Pics are from the plane, 1 of the blue breaking water about 300 yards away from the boat.


----------



## Coastaltim (Sep 9, 2004)

Larry's "Puncher" tied up next to us at night.


----------



## Coastaltim (Sep 9, 2004)

vmhc


----------



## Coastaltim (Sep 9, 2004)

cgmg


----------



## Coastaltim (Sep 9, 2004)

sorry im tired and cant get the pics right 


heres the blue i figure he was 350 to 400


----------



## C. Moore (Nov 15, 2004)

Sounds like a great trip. I like the shot from the plane.


----------



## Charles Helm (Oct 22, 2004)

Thanks for the report and pics and congrats on the blue hook up!:cheers:


----------



## snipinglizard (May 21, 2006)

as always,great report and many more billfish to come,they say great fishermen catch great fish!!awesome aerial pic!


----------



## GimmeDeal (Mar 18, 2005)

*So, you're putting the poles to good use?*

Congrats Tim.

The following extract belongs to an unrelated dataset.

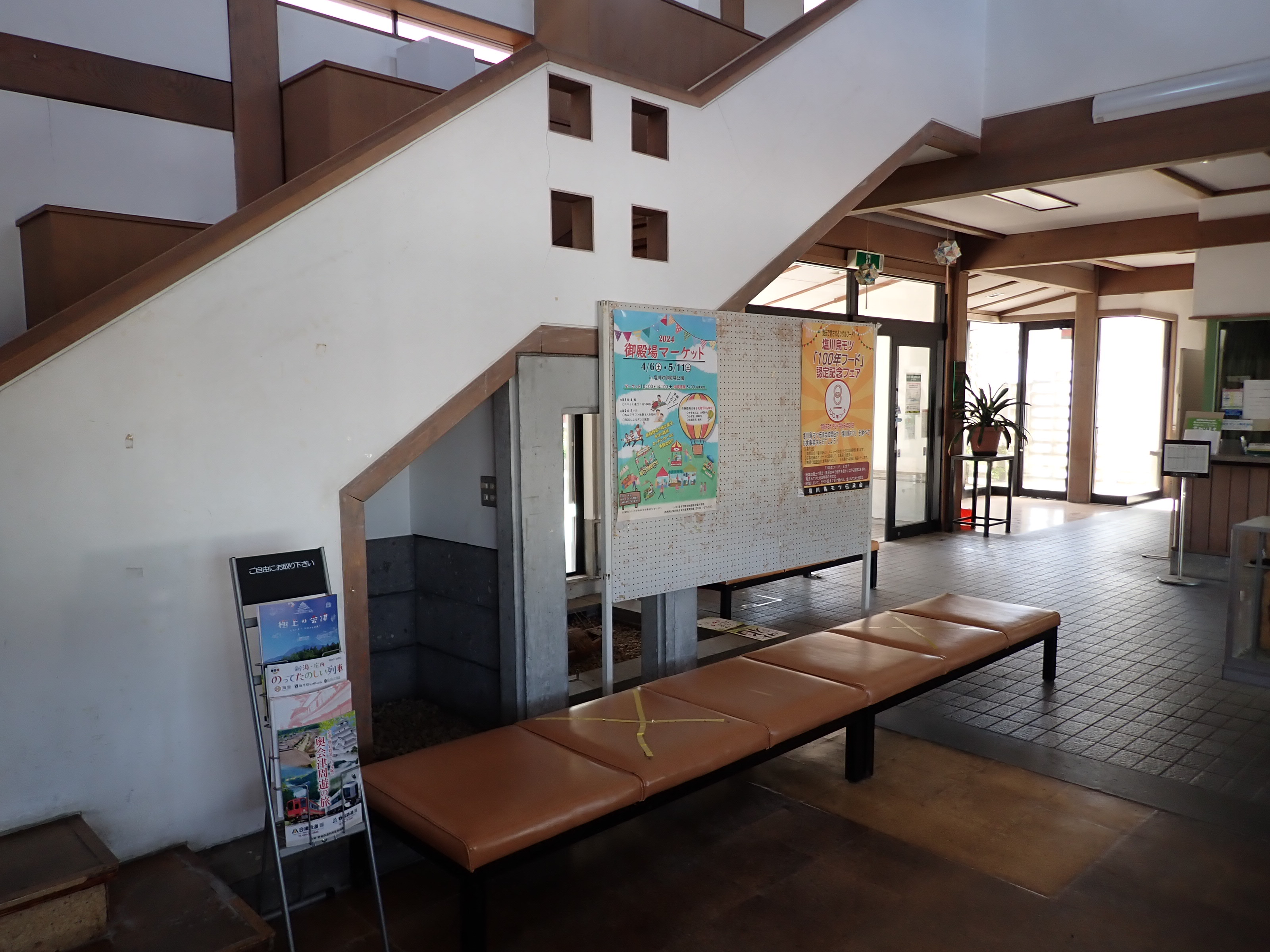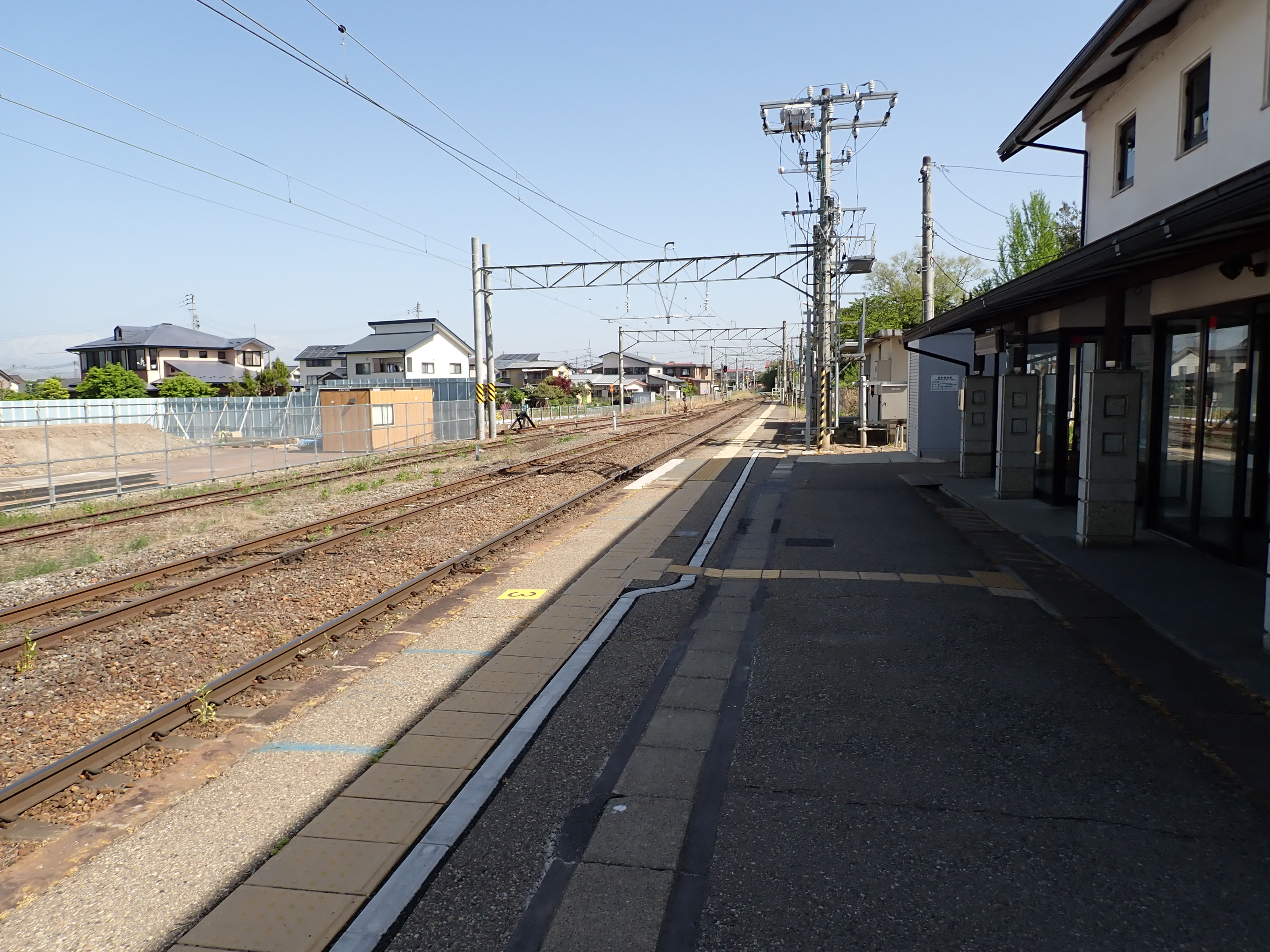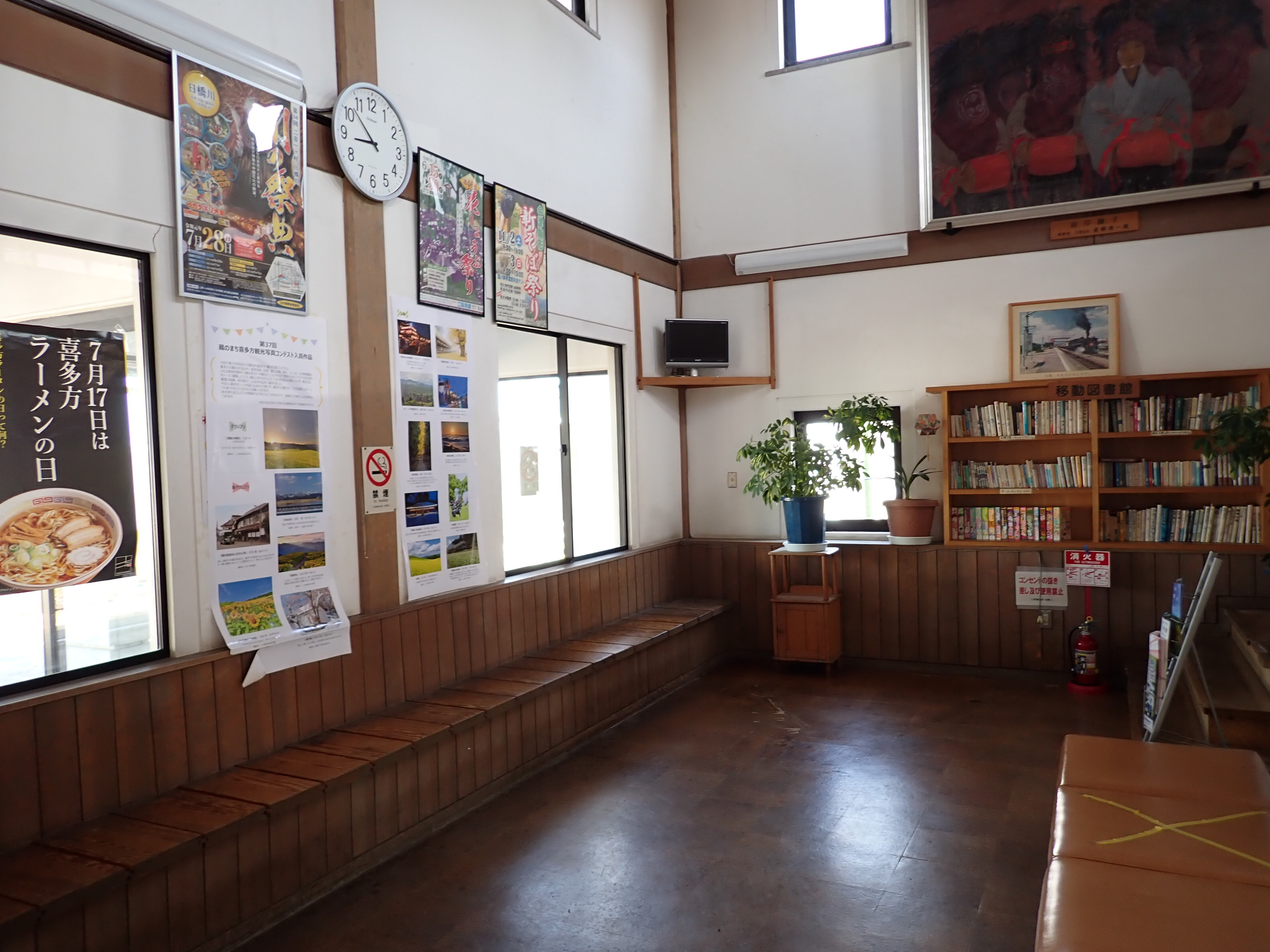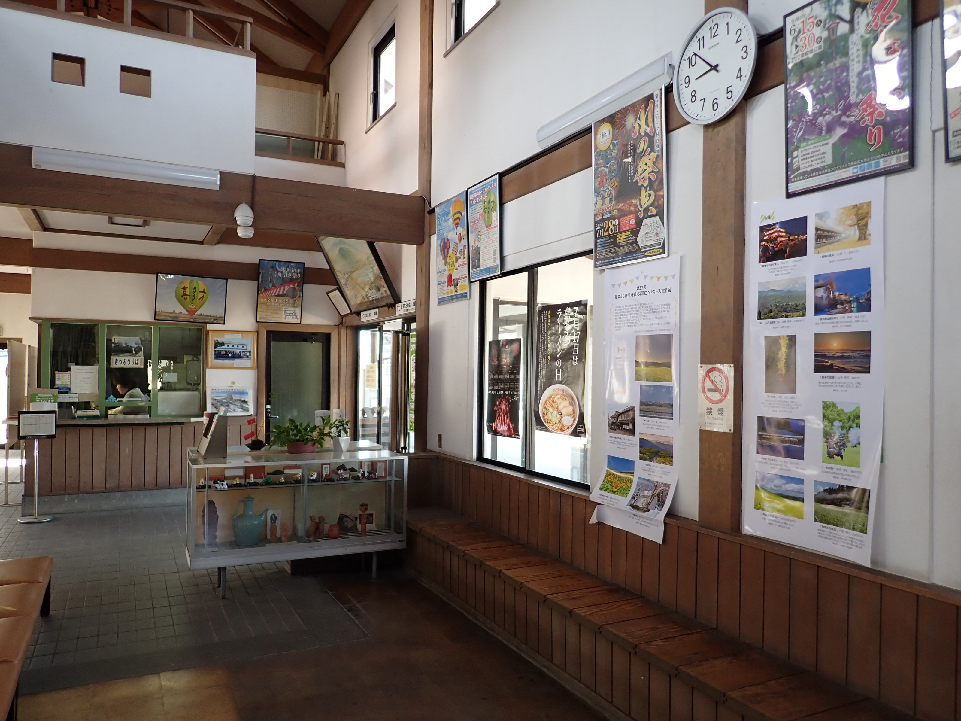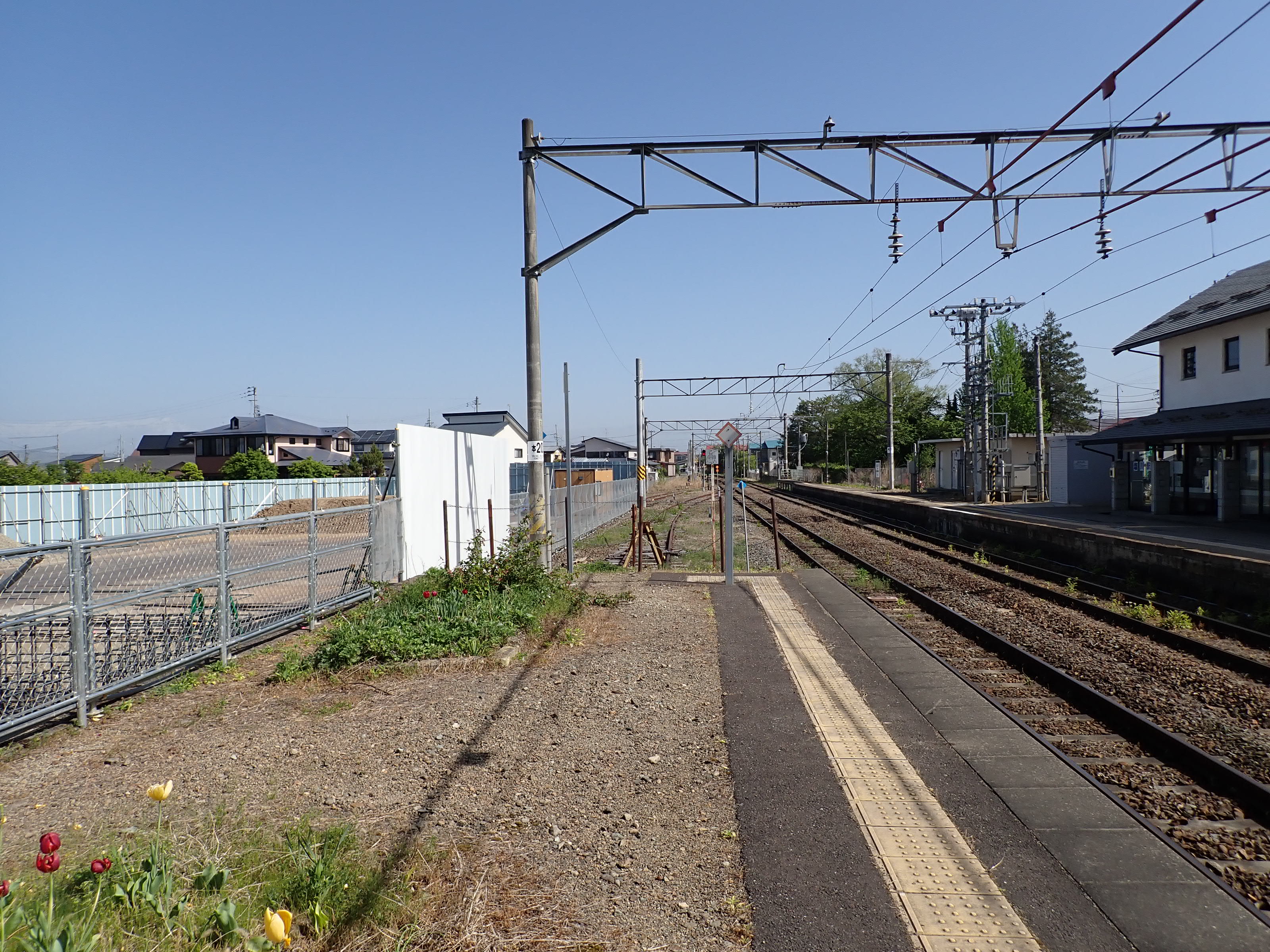 周辺の駅が極端に停車本数が少ない中にあって、喜多方と会津若松の間ではこの駅だけは全ての普通列車が停車します。駅から少し進むと古い町並みが続いています。2024年・2025年現在、駅舎と反対側との間の自由通路を建設中です。

Lot's of us haven't had that hook up yet. Yudaman


----------



## Unbound (Jul 12, 2004)

Congrats on the marlin hookup! They sure are addictive.


----------



## Coastaltim (Sep 9, 2004)

forgot to mention i used ecactly 151 gallons of fuel. I went out with an extra 50 gallons. Ran out of fuel inside the jetties. Worked out ok though. Gonna be expensive to fill up 150 gallons plus 5 gallons of oul at 20 a piece. Oh well.


Tim


----------



## BeachBumCSF (Nov 22, 2005)

Nice report. We were out there in the Fountain, but did not fair well. Just some plus size chicken dolphin. Heard a lot of people missing fish, but not hooking up. We missed 6 hits, but I think they were all dolphin. We pulled Hospital, Baker, Dutra and then back towards home. We stopped at a seaweed line to fish for dolphin and started to catch blue runners. Looked around and boats were coming form no where and decided to let them have the spot.


----------



## Bellyup (May 22, 2004)

Great trip. As usual, thanks for sharing!


----------



## Cutter (Jun 23, 2004)

nice job, I enjoyed the report. 
The watermelon thump is a pretty sweet party too, done that one a few times myself.


----------



## The TroubleHook (Mar 14, 2005)

*Good Job!*

Tim, sounds like you guys had an adventurous weekend. Like the ariel shot and congrats on the marlin!

Brandon


----------



## Tall1fin (Jun 3, 2004)

Hmmm, looks like two of the pics came out right to me!  Btw, what was that splashing thing?


----------



## Argo (May 21, 2004)

just remember next time, fight in the direction that the line is going, them suckers will fly past you and it will jump way in front of the boat but the line will still be behind the boat. Stay in the direction that the line is in and keep it tight.


----------



## mcgolfer (May 21, 2004)

tim
marlin fishing is a rush. we need to get you hooked up too some nice yellowfin tuna so you can catch them and filet instead of catch and release....rick


----------



## Argo (May 21, 2004)

maybe we can get another mass venice trip set up next winter. I would say we can buddy out to the floaters but I dont think you have enough gas......


----------



## scubaru (Mar 28, 2005)

Coastal, we know you have more pics......

Feel free to email me!


----------



## shanker (Jan 15, 2006)

scubaru said:


> Coastal, we know you have more pics......
> 
> Feel free to email me!


Actually of this trip I dont think he does, we told Amy that she is a celebrity on this site but she just shrugged it off, she is an EXTREMELY modest person and is VERY nice and pleasurable to be around.


----------



## GinMan (Jan 29, 2005)

Great Report! Can't wait untill the Round-Up!


----------



## Buda Blue Water Boy (May 24, 2004)

*Bottom Fishing at Baker!!!*

Great trip Tim, really enjoyed the buddy boating. That blue was exciting!!! Wish I would have known about the rip the other side of Falcon when I was out there. We counted 14 boats at Falcon on Saturday when we got there. Too much traffic in one area usually means a not very friendly atmosphere and tough fishing!!!
Anybody know why the bottom fishing at Baker is so slow this year? Since March it has been the slowest I have seen it in the last several years. I was out there in the middle of the week with 3 party boats around us, and they were not catching anything either- all of them were there less then an hour before moving on to try and find some fish. 
Tim, did you see all the boats at the jetty's- must have been 60 - 70 boats covering that area- we were trying to figure out how the ships were getting in an out of the channel.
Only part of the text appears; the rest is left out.